My journey to Auschwitz-Birkenau began on May 19, 1944 when I boarded the train with my parents, three younger sisters and two brothers. Our homeland, Czechoslovakia, had been annihilated in March of 1939. Our region was returned to Hungary from which it had been taken after World War I, while other sections of the country became a German Protectorate. I was 21-years-old in early April, 1944, when my family and I were forced to leave our home in the predominantly non-Jewish area where we lived in Munkachevo, and moved to Jewish Street in the Jewish ghetto. We brought only those possessions we could carry, and lived on the floor of someone's house. Jewish Street was the dirtiest street I ever saw. A few weeks later, the order came for us to get ready to leave for “relocation.” Germany was weakening against the onslaughts of the Allies, but the shipments of Jews to concentration camps were continuing on a regular basis.

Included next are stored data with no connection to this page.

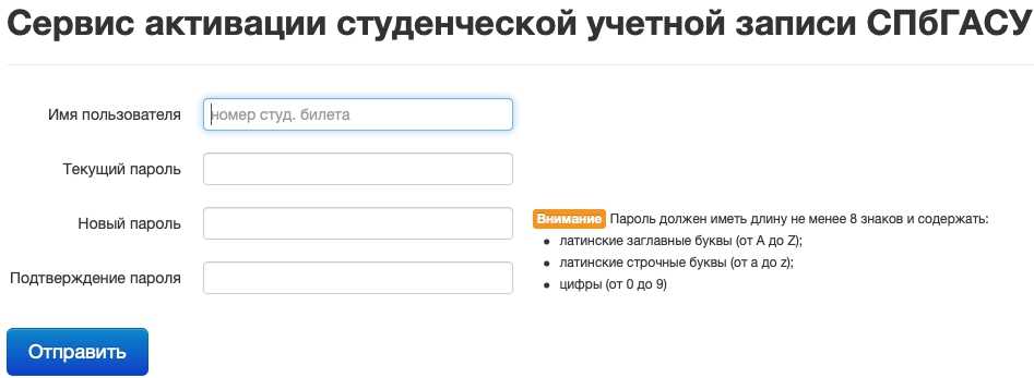 Для использования портала необходимо активировать учётную запись – сменить временный пароль. Студенту потребуется заполнить предложенную форму, указать имя пользователя, ввести старый пароль, после чего сгенерировать и подтвердить новый.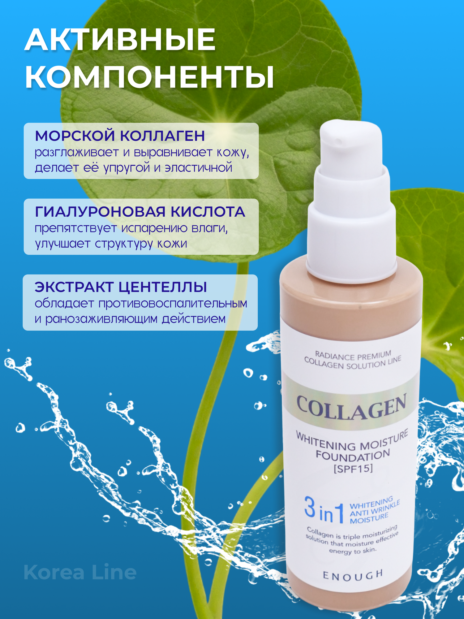10 цен на Тональный крем для лица 3 в 1 с коллагеном, с ниацинамидом ENOUGH Collagen 3 in1 Whitening Moisture Foundation SPF15, тон 21, Корея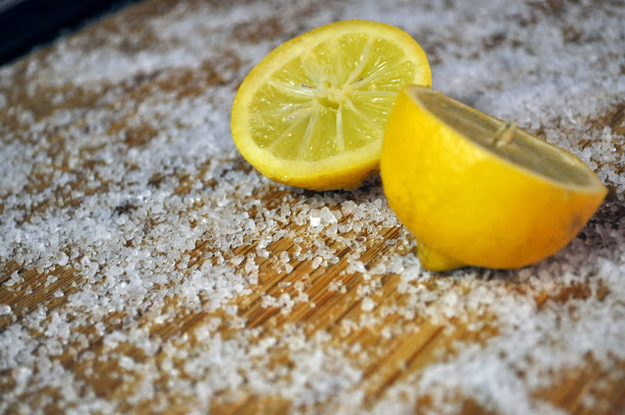 Lemons and coarse salt will work on the wooden and bamboo variety.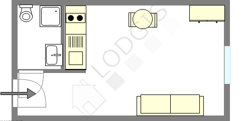This apartment consists of kitchen with wooden floor and all the necessary equipment for your daily life: hob, refrigerator, microwave oven, freezer, extractor hood, kettle, coffee-maker, cupboard, crockery.

We arrived at a brick factory along with hundreds of other people from the ghetto, and we were told that it would be several days until we were moved to the rail station to board our train for relocation. We waited at the brick factory for five days while German and Hungarian soldiers stood guard. We all built temporary shelters for ourselves from the bricks that were scattered around. The soldiers tortured us there for their personal entertainment. We had to climb in and out of the little brick shelters like dogs. The soldiers hit people with a stick while making them jump around on all fours, and after they had their laughs, they sent them back to their holes.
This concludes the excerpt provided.